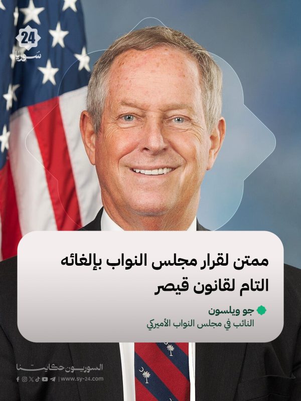 النائب في مجلس النواب الأميركي جو ويلسون: ممتن لقرار مجلس النواب بإلغائه التام لقانون قيصر
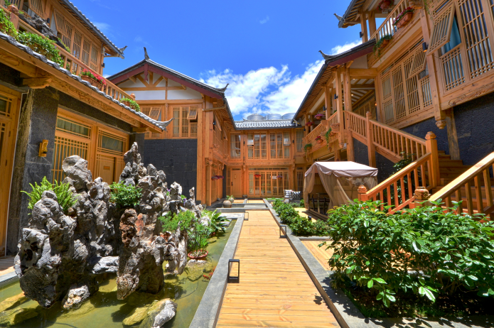 木府位于麗江古城南部,是歷代麗江木氏土司的府邸,建筑融合了明代中原建筑風(fēng)格和白族、納西族的工藝,精美壯觀,徐霞客曾贊“宮室之麗,擬于王者”。如今木府已是古城的一座地標(biāo),吸引無數(shù)游客來此欣賞。木府雖是土司王府,但宮室之瑰麗,不遜皇家,據(jù)說當(dāng)年既是“仿紫禁城而建”,鼎盛時(shí)期,有宮舍100多間。沿著關(guān)門口的石板路走進(jìn)去,首先映入眼簾的是“天雨流芳”木牌坊,“天雨流芳”是納西語(yǔ)“讀書去吧”的諧音,可見木氏土司還是很重視文化教育。轉(zhuǎn)過木牌坊,右手邊是一座雕工精美的石牌坊,上書“忠義”二字。當(dāng)年的這座石牌坊結(jié)構(gòu)宏偉雕工精湛,民間有“大理三塔寺,麗江石牌坊”的贊譽(yù)。邁進(jìn)木府莊嚴(yán)的紅色的大門,中軸線上依次排列著議事廳、萬卷樓、護(hù)法殿、光碧樓、玉音樓、三清殿等建筑,無不精美絕倫。
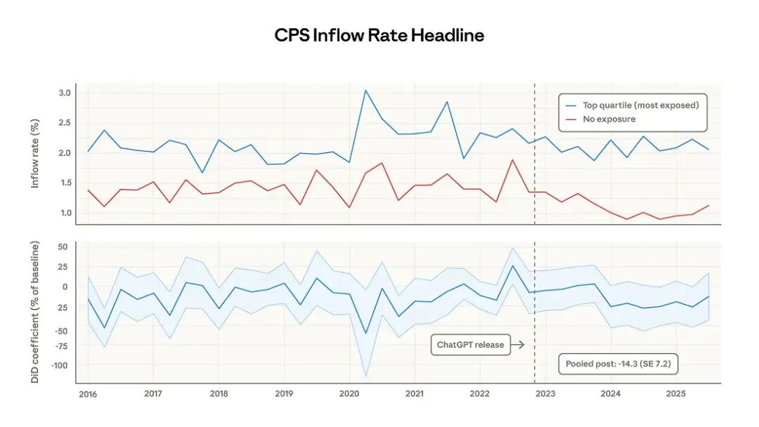 可另一个信号更危险:22-25岁的年轻人,在高暴露岗位的入职率直接掉了14%。老员工还能靠经验苟住,新人连门都摸不到了。
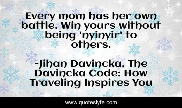 "Jihan Davincka, The Davincka Code: How Traveling Inspires You Quotes." Quoteslyfe.com, 2025. Sun. 07 Dec. 2025. <https://www.quoteslyfe.com/quote/Every-mom-has-her-own-battle-Win-166871>.
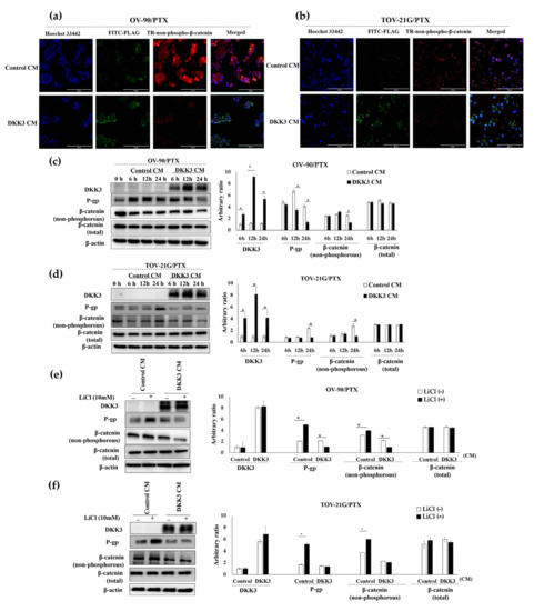 Secreted DKK3 enhanced paclitaxel susceptibility via inhibition of the β-catenin-P-glycoprotein signaling pathway. (a,b) The cells were incubated with control and DKK3 CM. Immunofluorescence analysis after 24 h showed that FLAG-DKK3 was present in the perinuclear area, attenuating TR-non-phospho-β-catenin signaling. Scale bar, 50 μm. (c,d) The cells were incubated with control and DKK3 CM and subjected to Western blotting. The graphs were plotted based on the band densities (* p < 0.01). (e,f) To activate endogenous β-catenin, cells were treated with LiCl for 24 h and subjected to Western blot analysis. β-Actin was used as the loading control. The intensities of the Western blot bands were normalized to that of β-actin for comparison (* p < 0.01).
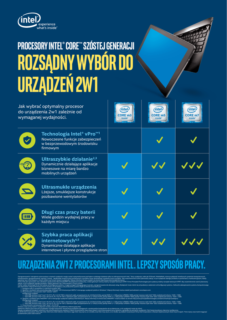 Procesory Intel® Core™ szóstej generacji Rozsądny wybóR do uRządzeń 2w1 Jak wybrać optymalny procesor do urządzenia 2w1 zależnie od wymaganej wydajności. Technologia Intel® vPro™1 Nowoczesne funkcje zabezpieczeń w bezprzewodowym środowisku firmowym Ultraszybkie działanie2,3 Dynamicznie działające aplikacje biznesowe na miarę bardzo mobilnych urządzeń Ultrasmukłe urządzenia Lżejsze, smuklejsze konstrukcje pozbawione wentylatorów Długi czas pracy baterii Wiele godzin wydajnej pracy w każdym miejscu Szybka praca aplikacji internetowych4,5 Dynamicznie działające aplikacje internetowe i płynne przeglądanie stron URZĄDZENIA 2W1 Z PROCESORAMI INTEL. LEPSZY SPOSÓB PRACY. Oprogramowanie i obciążenia wykorzystane w testach wydajności mogły zostać zoptymalizowane pod kątem wydajnego działania tylko na mikroprocesorach Intel. Testy wydajności, takie jak SYSmark i MobileMark, mierzą wydajność określonych systemów komputerowych, komponentów, oprogramowania, operacji i funkcji. Jakakolwiek zmiana wyżej wymienionych czynników może spowodować uzyskanie innych wyników. Aby wszechstronnie ocenić planowany zakup, w tym wydajność danego produktu w porównaniu z konkurencyjnymi, należy zapoznać się z informacjami z innych źródeł oraz innymi testami wydajności. Więcej informacji można znaleźć na stronie http://www.intel.com/performance. Firma Intel jest sponsorem oraz członkiem społeczności BenchmarkXPRT Development Community, a także głównym twórcą rodziny narzędzi testowych XPRT. Firma Principled Technologies jest wydawcą rodziny narzędzi testowych XPRT. Aby wszechstronnie ocenić planowany zakup, w tym wydajność danego produktu, należy zapoznać się z informacjami z innych źródeł. Cechy i zalety technologii firmy Intel zależą od konfiguracji systemu i mogą wymagać obsługującego je sprzętu, oprogramowania lub aktywacji usług. Wydajność może różnić się od podanej w zależności od konfiguracji systemu. Całkowite zabezpieczenie systemu komputerowego jest niemożliwe. Więcej informacji można uzyskać od sprzedawcy lub producenta systemu bądź na stronie www.intel.com. 1. Dostępna tylko w produktach o wybranych kodach SKU. 2. Zgodnie z wynikami testu porównawczego SYSmark* 2014 konsorcjum BAPCo* mierzącego wydajność platform Windows*. Więcej informacji można znaleźć pod adresem www.bapco.com 3. W porównaniu z procesorem Intel® Celeron® 2691Y Konfiguracje urządzeń • Intel CRB, procesor Intel® Core™ M-5Y71, PL1=4,5 W TDP, 2 rdzenie/4 wątki, przyspieszenie do 2,9 GHz/2,6 GHz; pamięć RAM: 2 × 2 GB pamięci LPDDR3-1600; pamięć masowa: dysk Intel® SSD; rozdzielczość ekranu: 1920 × 1080. • Intel CRB, procesor Intel® Core™ M7-6Y75, PL1=4,5 W TDP, 2 rdzenie/4 wątki, przyspieszenie do 3,1 GHz/2,9 GHz; pamięć RAM: 2 × 2 GB pamięci LPDDR3-1600; pamięć masowa: dysk Intel® SSD; rozdzielczość ekranu: 1920 × 1080. 4. Zgodnie z wynikami testu WebXPRT* 2013 mierzącego wydajność aplikacji internetowych. Więcej informacji na temat testu WebXPRT* można znaleźć na stronie http://www.principledtechnologies.com/benchmarkxprt/webxprt/ Konfiguracje urządzeń • Intel CRB, procesor Intel® Core™ M-5Y71, PL1=4,5 W TDP, 2 rdzenie/4 wątki, przyspieszenie do 2,9 GHz/2,6 GHz; pamięć RAM: 2 × 2 GB pamięci LPDDR3-1600; pamięć masowa: dysk Intel® SSD; rozdzielczość ekranu: 1920 × 1080. • Intel CRB, procesor Intel® Core™ M7-6Y75, PL1=4,5 W TDP, 2 rdzenie/4 wątki, przyspieszenie do 3,1 GHz/2,9 GHz; pamięć RAM: 2 × 2 GB pamięci LPDDR3-1600; pamięć masowa: dysk Intel® SSD; rozdzielczość ekranu: 1920 × 1080. 5. W porównaniu z procesorem Intel® Atom™ x3-C3130 Pomiary czasu pracy baterii i wydajności zostały wykonane dla platformy referencyjnej Intel. Platforma referencyjna Intel jest przykładem nowego komputera. Konstrukcje produktów dostępnych u producentów komputerów nie są identyczne, a ich wydajność może się różnić. Zasady zarządzania energią w systemie: tryb zrównoważony przy zasilaniu z baterii do pomiarów czasu pracy baterii; tryb zrównoważony przy zasilaniu z gniazdka do pomiarów wydajności. Sieć bezprzewodowa: włączona i podłączona. © 2016 Intel Corporation. Intel, logo Intel, Intel Core, Intel Celeron, Intel Atom, logo Intel. liczy się to, co w środku oraz Intel. liczy się to, co w środku są znakami towarowymi firmy Intel Corporation w Stanach Zjednoczonych i/lub innych krajach. *Inne nazwy oraz marki mogą być przedmiotem praw osób trzecich.
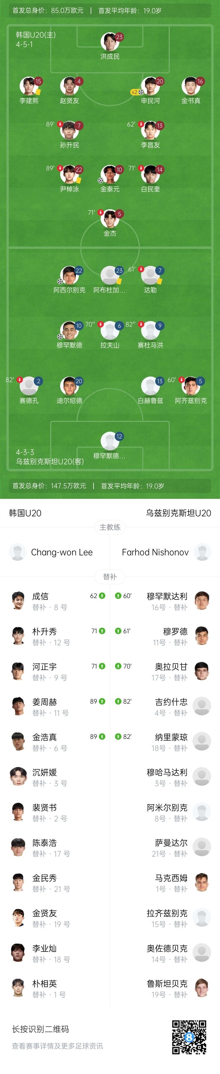 第56分鐘,韓國任意球吊到禁區(qū),申民河頭球攻門將球送進網(wǎng)窩!2-1!韓國U20反超了比分!↓
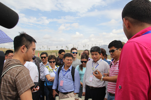 日前 國(guó)家商務(wù)部舉辦了為期10天的2016年發(fā)展中國(guó)家干旱區(qū)水資源可持續(xù)發(fā)展研修班。8月19日,來自科納、南非、巴拿馬、墨西哥、越南、阿富汗和緬甸等11個(gè)國(guó)家的37名外籍研修班學(xué)員專程來甘肅建投新能源公司觀摩實(shí)習(xí)。
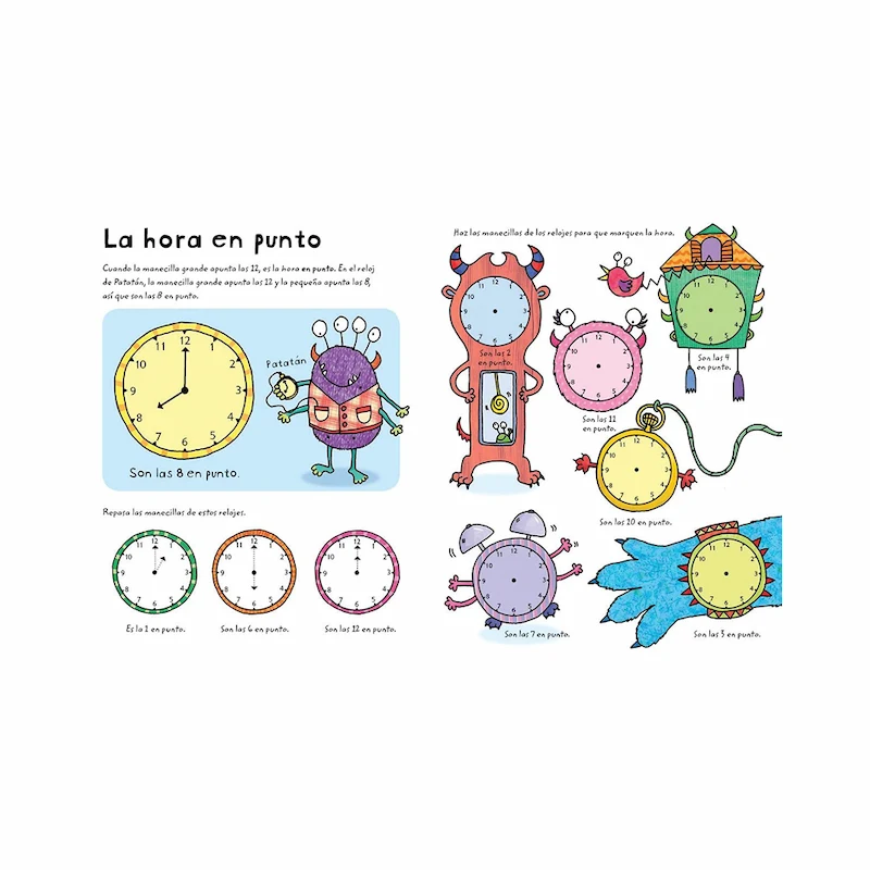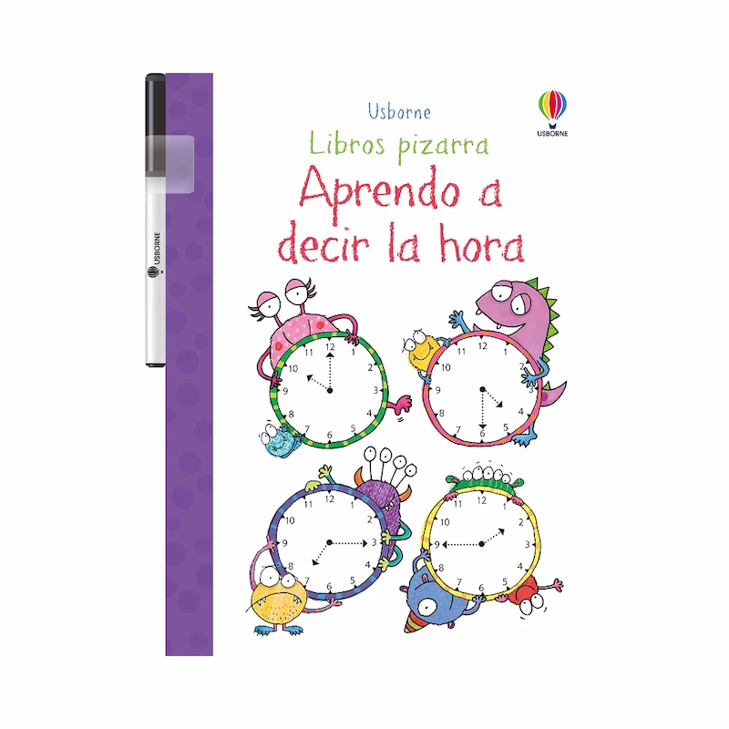 Aprende la hora jugando: practica una y otra vez con este divertido libro pizarra.
══════════
Repeat only the lines from the beginning of the material through the line containing "Davincka, The Davincka", both ends kept, leaving pictures out.

▶ _RESULT FOR THIS EXERCISE_
 النائب في مجلس النواب الأميركي جو ويلسون: ممتن لقرار مجلس النواب بإلغائه التام لقانون قيصر
 木府位于麗江古城南部,是歷代麗江木氏土司的府邸,建筑融合了明代中原建筑風(fēng)格和白族、納西族的工藝,精美壯觀,徐霞客曾贊“宮室之麗,擬于王者”。如今木府已是古城的一座地標(biāo),吸引無數(shù)游客來此欣賞。木府雖是土司王府,但宮室之瑰麗,不遜皇家,據(jù)說當(dāng)年既是“仿紫禁城而建”,鼎盛時(shí)期,有宮舍100多間。沿著關(guān)門口的石板路走進(jìn)去,首先映入眼簾的是“天雨流芳”木牌坊,“天雨流芳”是納西語(yǔ)“讀書去吧”的諧音,可見木氏土司還是很重視文化教育。轉(zhuǎn)過木牌坊,右手邊是一座雕工精美的石牌坊,上書“忠義”二字。當(dāng)年的這座石牌坊結(jié)構(gòu)宏偉雕工精湛,民間有“大理三塔寺,麗江石牌坊”的贊譽(yù)。邁進(jìn)木府莊嚴(yán)的紅色的大門,中軸線上依次排列著議事廳、萬卷樓、護(hù)法殿、光碧樓、玉音樓、三清殿等建筑,無不精美絕倫。
 可另一个信号更危险:22-25岁的年轻人,在高暴露岗位的入职率直接掉了14%。老员工还能靠经验苟住,新人连门都摸不到了。
 "Jihan Davincka, The Davincka Code: How Traveling Inspires You Quotes." Quoteslyfe.com, 2025. Sun. 07 Dec. 2025. <https://www.quoteslyfe.com/quote/Every-mom-has-her-own-battle-Win-166871>.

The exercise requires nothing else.